Wyświetl Pojedyńczy Post
Stary 15-04-2010, 09:19   #94
Romulus
 
Romulus's Avatar
 
Reputacja: 1 Romulus ma wspaniałą reputacjęRomulus ma wspaniałą reputacjęRomulus ma wspaniałą reputacjęRomulus ma wspaniałą reputacjęRomulus ma wspaniałą reputacjęRomulus ma wspaniałą reputacjęRomulus ma wspaniałą reputacjęRomulus ma wspaniałą reputacjęRomulus ma wspaniałą reputacjęRomulus ma wspaniałą reputacjęRomulus ma wspaniałą reputację
Choć raz, na duchy Warpu, "Golem" miał walkę jaką najbardziej lubił - mając przewagę liczebną, z ciężkimi działami tuż za nim walącymi we wroga ogniem bezpośrednim.
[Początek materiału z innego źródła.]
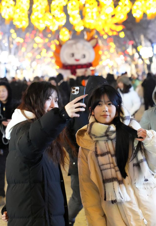 1月11日,游客在中央大街自拍。新华社记者 王建威 摄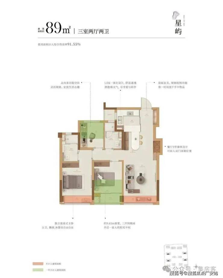 1.空间革命:最大约100%得房率,主城区89方回归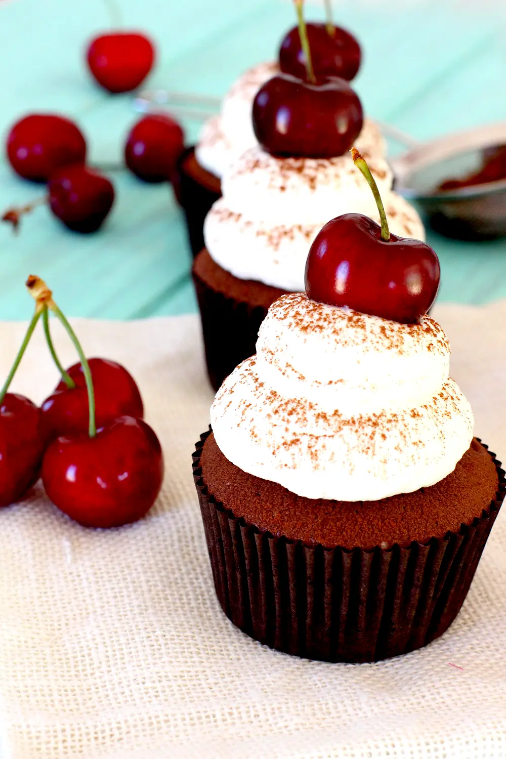 ¡Feliz San Juan a todos esos Juanes y Juanas que me siguen y me leen! Espero que todo el mundo hayáis disfrutado de las hogueras de San Juan, En Alicante es nuestra fiesta grande, ¡así que no me quejo! Y mejor no os cuento que tal me fue esta noche en las hogueras que degradaré mi imagen perdiendo credibilidad. Un día de fiesta buena al año no hace daño, ¿verdad?. Tenía muchas ganitas de presentaros esta receta de cupcakes de chocolate de Selva negra, es una versión cupcake de la famosísima tarta de Selva negra que a tantos y tantos nos hace perder la cabeza, aunque me das cualquier dulce que lleve la misma cantidad de chocolate que esta receta y pierdo la cabeza igual.

Jak postanowił tak czynił - odstrzeliwał kończyny co większych orków, a co lepsi strzelcy masakrowali bezradnych, unieruchomionych Xenos. Gwizd wydawany podczas tłoczenia gazów stanowiących amunicję melty mieszał się z wrzaskami rannych i bojowymi krzykami orków, świstem laserów ustawionych na pojedynczy ogień i wysoką moc oraz hukiem ciężkich bolterów i Kaus przyłączył się do hałasu, wyjąc i miotając plugastwa! Po raz kolejny wybili zielone skórki i zmusili do ucieczki niedobitki!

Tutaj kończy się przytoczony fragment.